Collected data.
------
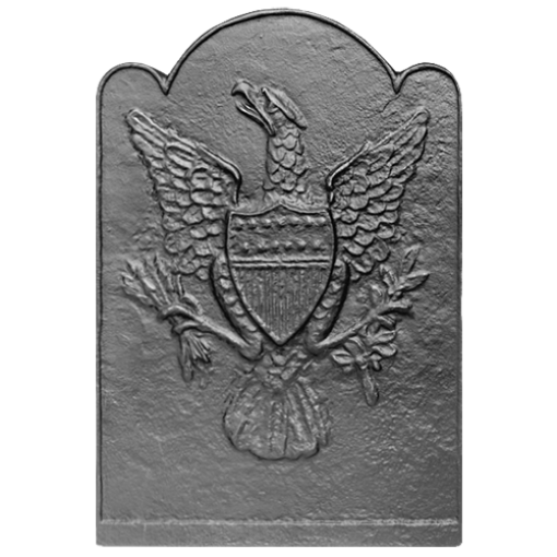 With the adoption of the Great Seal of the United States in 1782, the decorative use of the American bald eagle was applied to numerous household items. This fireback is believed to have been cast in England for the American market some time between 1780 and 1810.
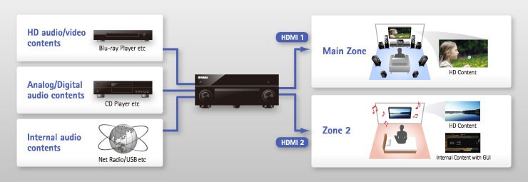 Trong khi bộ chuyển vùng HDMI tiêu chuẩn chỉ có thể gửi các chương trình video HD đến vùng chính hoặc vùng thứ hai, bộ chuyển đổi vùng HDMI của Yamaha có thể chọn từ tất cả nguồn audio và video để phát lại trong bất kỳ vùng nào. Một giao diện người dùng đồ họa trên màn hình giúp dễ dàng duyệt và chọn nội dung để thưởng thức từ vùng thứ hai bất kể đang phát gì trong vùng chính.
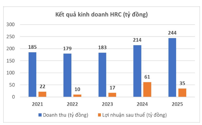 Về kết quả kinh doanh, năm 2025 Cao su Hòa Bình ghi nhận doanh thu đạt 244 tỷ đồng, mức cao nhất kể từ khi doanh nghiệp công bố số liệu. Tuy nhiên, lợi nhuận sau thuế chỉ đạt khoảng 35 tỷ đồng, giảm đáng kể so với mức 61 tỷ đồng của năm trước đó.
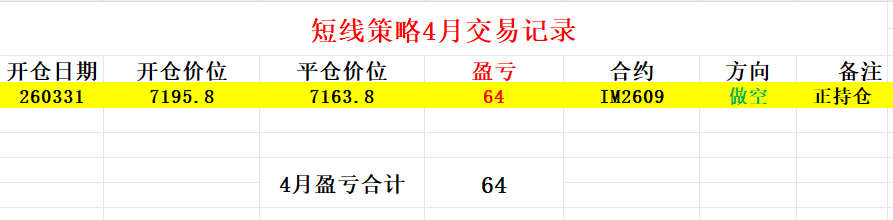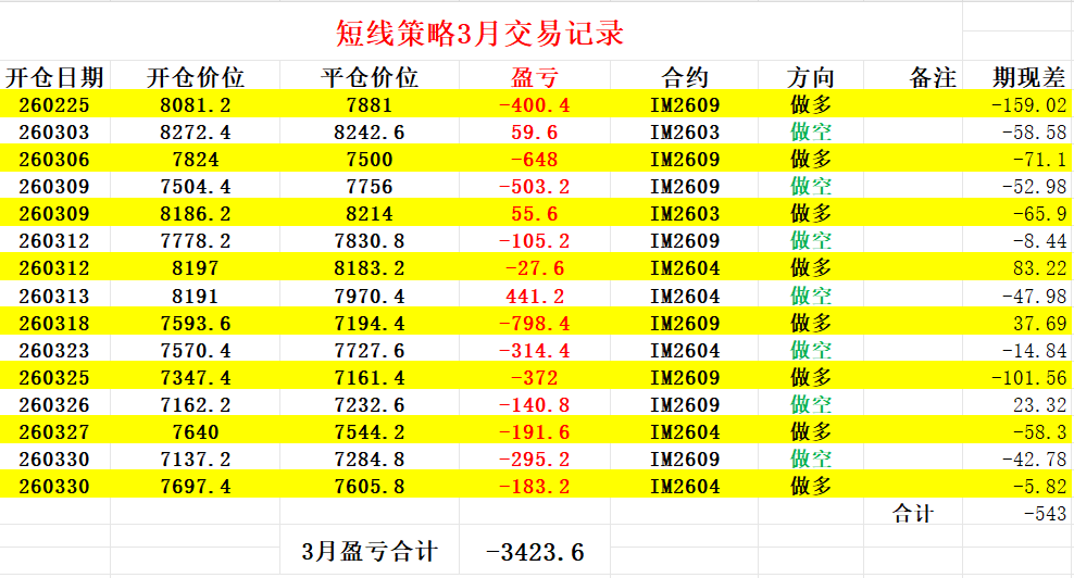 短线投机策略今天操作了一次,我早上平掉了持有的IM2604多头头寸,仓位两手,该笔收益最终为-183.2个点即-36640元。至此3月短线策略交易结束,3月短线投机交易亏损3423.6个点即684720元,交易记录及操作过程如图所示。
------
Problem requirements. Line for line, retype the material exactly, omitting any pictures.

Exercise response.
 With the adoption of the Great Seal of the United States in 1782, the decorative use of the American bald eagle was applied to numerous household items. This fireback is believed to have been cast in England for the American market some time between 1780 and 1810.
 Trong khi bộ chuyển vùng HDMI tiêu chuẩn chỉ có thể gửi các chương trình video HD đến vùng chính hoặc vùng thứ hai, bộ chuyển đổi vùng HDMI của Yamaha có thể chọn từ tất cả nguồn audio và video để phát lại trong bất kỳ vùng nào. Một giao diện người dùng đồ họa trên màn hình giúp dễ dàng duyệt và chọn nội dung để thưởng thức từ vùng thứ hai bất kể đang phát gì trong vùng chính.
 Về kết quả kinh doanh, năm 2025 Cao su Hòa Bình ghi nhận doanh thu đạt 244 tỷ đồng, mức cao nhất kể từ khi doanh nghiệp công bố số liệu. Tuy nhiên, lợi nhuận sau thuế chỉ đạt khoảng 35 tỷ đồng, giảm đáng kể so với mức 61 tỷ đồng của năm trước đó.
 短线投机策略今天操作了一次,我早上平掉了持有的IM2604多头头寸,仓位两手,该笔收益最终为-183.2个点即-36640元。至此3月短线策略交易结束,3月短线投机交易亏损3423.6个点即684720元,交易记录及操作过程如图所示。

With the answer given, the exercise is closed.